Now I know you're just PC police, and that I have nothing to gain by further engaging with you. I have no respect for you.

So no, you are wrong. People don't work like that. Or at least people worth talking to are not like that. People see through all the PC bullshit, and respond accordingly.

> It simply wasn't worth my time to wade through the insults and abuse to get things done any more.

Yeah, this kind of PC attitude it's not worth my time. People who can't, just discuss PC politics, while people who can, just do, and don't care about any of this stuff.

jerf · on Oct 13, 2016

"Now I know you're just PC police, and that I have nothing to gain by further engaging with you."

That's not PC police. This is How To Win Friends And Influence People stuff, not PC stuff.

You are free to be rude, but you'll pay the consequences, quite needlessly.

I'm in a position where I with some frequency have to contradict people (being a code reviewer for a significant internal shared library has that result), but I try to make it clear in my words and tone that it's in the spirit of working with them and obtaining the best solution. I'm pretty sure it's not 100% successful, because some people to some extent can't process being contradicted in any way as anything less than hostility (and I put both "somes" in that sentence on purpose), no matter how polite you are about it, and on my side, I'm absolutely sure I'm not perfect about it, but I am sure I'm better off than I would be if I was always being as blunt as possible without even trying.

4ad · on Oct 13, 2016

To add to that, please note one thing though. Here we are in a public space, if you (some generic you, not you david-given in particular) say or do what I consider to be a stupid thing, I will just ignore you. I will certainly not insult you. Why would I? I have better things to do.

But if you come into my house and start spitting on the floor, don't get too surprised if I punch you in the face and throw you out. Perhaps I might even insult you. You're in my house, I won't tolerate this kind of behavior. You are forcing me to act just because you are in my house.

Theo and Linus don't come in public spaces (like HN) to start insulting people. They might insult people when they come to the OpenBSD/Linux space and start spitting on the floor. To further the analogy, unannounced people come and spit on the floor.

This is a very deep and fundamental difference. And just because everyone can see and participate in the discussion, make no mistake, it's still an OpenBSD or Linux space. Not some generic fantasy land. I might hold a party and my house where everyone can come, but if you come and don't behave, I will take measures and you can whine all you want about my non PC behavior.

bonzini · on Oct 13, 2016

> Virtualization is extremely popular, but it isn't secure, and it's actually (and when you're thinking clearly, obviously) less secure than other, existing systems.

It makes me wonder why Google uses KVM to isolate multiple tenants running stuff on their machines.

Does virtualization solve all of the world's security problems? Of course not. But it does help as an additional layer of security.

geocar · on Oct 13, 2016

> But [virtualization] does help as an additional layer of security.

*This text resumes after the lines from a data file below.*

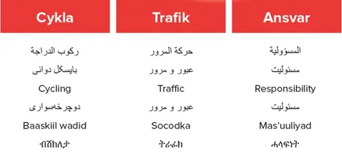 Här hittar du de tio kapitlen i informationspaketet "Cykla säkert - på lätt svenska". Du kan även ladda ner och skriva ut informationen.
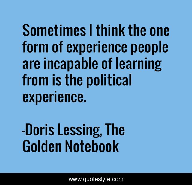 This page presents the quote "Sometimes I think the one form of experience people are incapable of learning from is the political experience.". Author of this quote is Doris Lessing, The Golden Notebook. This quote is about politics, learning,.
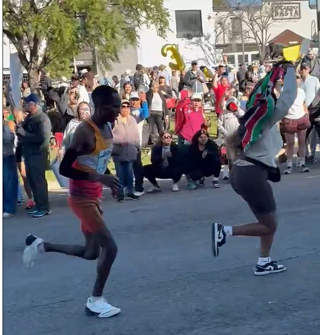 매체에 따르면, 경주 막바지 결승선을 향해 독주하던 케냐의 마이클 키마니 카마우는 연이은 불운에 시달렸다. 먼저 케냐 국기를 흔드는 한 여성 팬이 진로를 가로막아 이를 피해야 했고, 동시에 주황색 셔츠를 입은 자원봉사자가 두 갈래로 나뉜 바리케이드의 오른쪽으로 그를 유도했다. 심지어 선두에서 정확한 코스를 유도해야 할 페이스 차량마저 갈림길 오른쪽으로 이동하면서 카마우는 의심 없이 그 뒤를 따랐다.
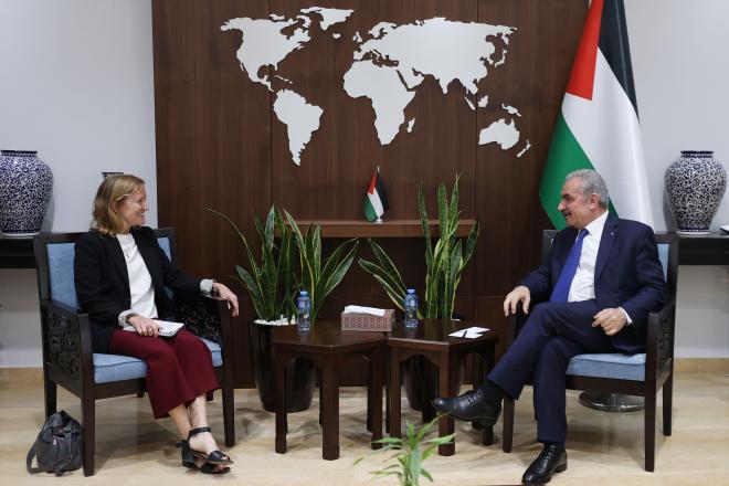 التقى رئيس الوزراء الفلسطيني د. محمد اشتية، يوم الخميس في مكتبه برام الله، مديرة بعثة الوكالة الأمريكية للتنمية الدولية للضفة الغربية وقطاع غزة (USAID) ألر جروبس.

This is completely wrong: Instead of one big complex code surface, now you have two.

Two things that can be attacked; two things that can have bugs.

Two codebases written by people who aren't thinking about reducing bugs and aren't thinking about security.

That's insane.

The only thing that can reduce bugs (security or otherwise) is less code. DJB did a great presentation on this subject: https://cr.yp.to/qmail/qmailsec-20071101.pdf

> It makes me wonder why Google uses KVM to isolate multiple tenants running stuff on their machines.

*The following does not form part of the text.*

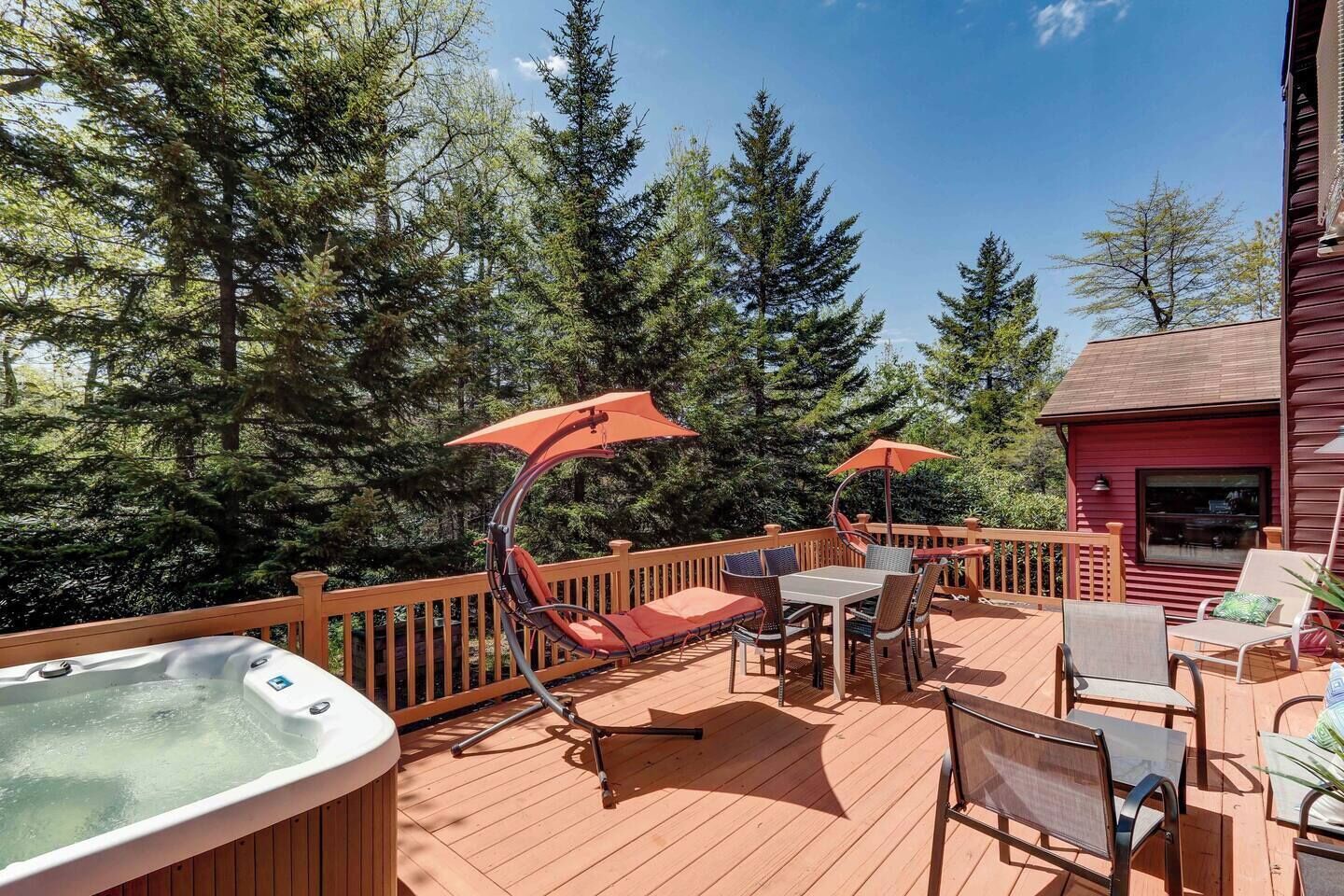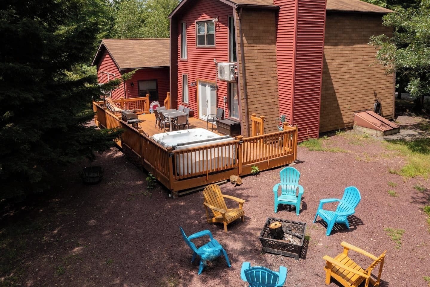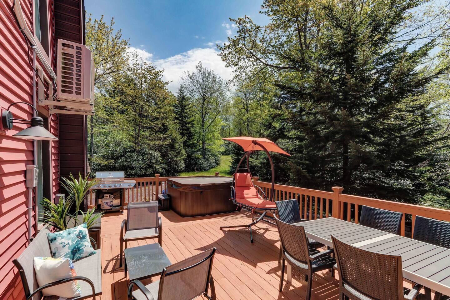 Super Private! Modern Farmhouse Surrounds by Woods! No Cleaning Fee! Welcome to your ultimate Pocono retreat at our stunning modern farmhouse! Nestled on 2 serene wooded acres, this beautifully renovated property promises an unforgettable escape for your group.Step inside and discover a world of entertainment in our newly added game room. With theater-style seating for 4, a ping pong table, and arcade-style basketball and roll-and-score games, fun-filled evenings are guaranteed! And when it's time to unwind, slip into the inviting hot tub on the deck for a soothing soak under the stars.Embrace the great outdoors in our outdoor lounge seating, perfect for al fresco meals and relaxed conversations. Inside, the country modern flair continues in all 5 bedrooms, ensuring a comfortable and stylish stay for your entire party.Our space boasts updated bathrooms, including a tub on the first floor and a walk-in shower on the second, offering both convenience and luxury. And with an open-concept layout in the kitchen, dining room, and living room, you'll never miss a moment of togetherness with friends and family.Every corner of our farmhouse is thoughtfully designed and inspired by modern country aesthetics. From the charming decor to the sweeping views of nature from every window (keep an eye out for deer!), every detail contributes to the ambiance of relaxation and rejuvenation.Whether you're seeking a simple weekend getaway or a longer vacation, our farmhouse is the perfect sanctuary for your escape. So why wait? Book now and start planning your unforgettable Pocono adventure!Other things to noteMinimum 3 day booking required for major holiday weekends. Labor Day, Independence Day, Thanksgiving, and Memorial Day.

"Google does it so it must be secure" is faulty reasoning.

There are valid non-security-related reasons, for example it simplifies administration and management tasks, and it is cheaper. When you do something because someone else does things you might find neither of you know what you're doing.

bonzini · on Oct 13, 2016

Of course it's worse than just buying a separate machine for each tenant, but that's obvious isn't it? On the other hand virtualization _does_ provide better isolation than containers (or jails or zones).

> The only thing that can reduce bugs (security or otherwise) is less code.

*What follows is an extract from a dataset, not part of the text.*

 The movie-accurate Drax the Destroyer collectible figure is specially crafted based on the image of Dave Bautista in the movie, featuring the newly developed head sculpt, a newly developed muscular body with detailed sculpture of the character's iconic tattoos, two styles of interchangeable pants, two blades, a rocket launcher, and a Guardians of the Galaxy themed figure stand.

Bugs that let you escape the host kernel from unprivileged guest userspace (which would be the case where "two things can be attacked") are exceedingly rare.

On the other hand, increasing security is not just about reducing bugs, but also about defending in depth through redundant layers, so that if something breaks (your guest kernel) there's something else to protect you (your hypervisor). That's not the case for containers, even though they run less code.

If security were just about less code, OpenBSD-specific stuff like pledge or SOCK_DNS wouldn't have any place.

> There are valid non-security-related reasons, for example it simplifies administration and management tasks, and it is cheaper. When you do something because someone else does things you might find neither of you know what you're doing.

That's not why Google uses KVM. They only use it for Google Compute Engine.

geocar · on Oct 14, 2016

> On the other hand virtualization _does_ provide better isolation than containers (or jails or zones).

Hardware virtualiation maybe, because it usually involves less code than jails or zones.

> Bugs that let you escape the host kernel from unprivileged guest userspace (which would be the case where "two things can be attacked") are exceedingly rare.

* http://www.cvedetails.com/product/19922/Redhat-KVM.html?vend...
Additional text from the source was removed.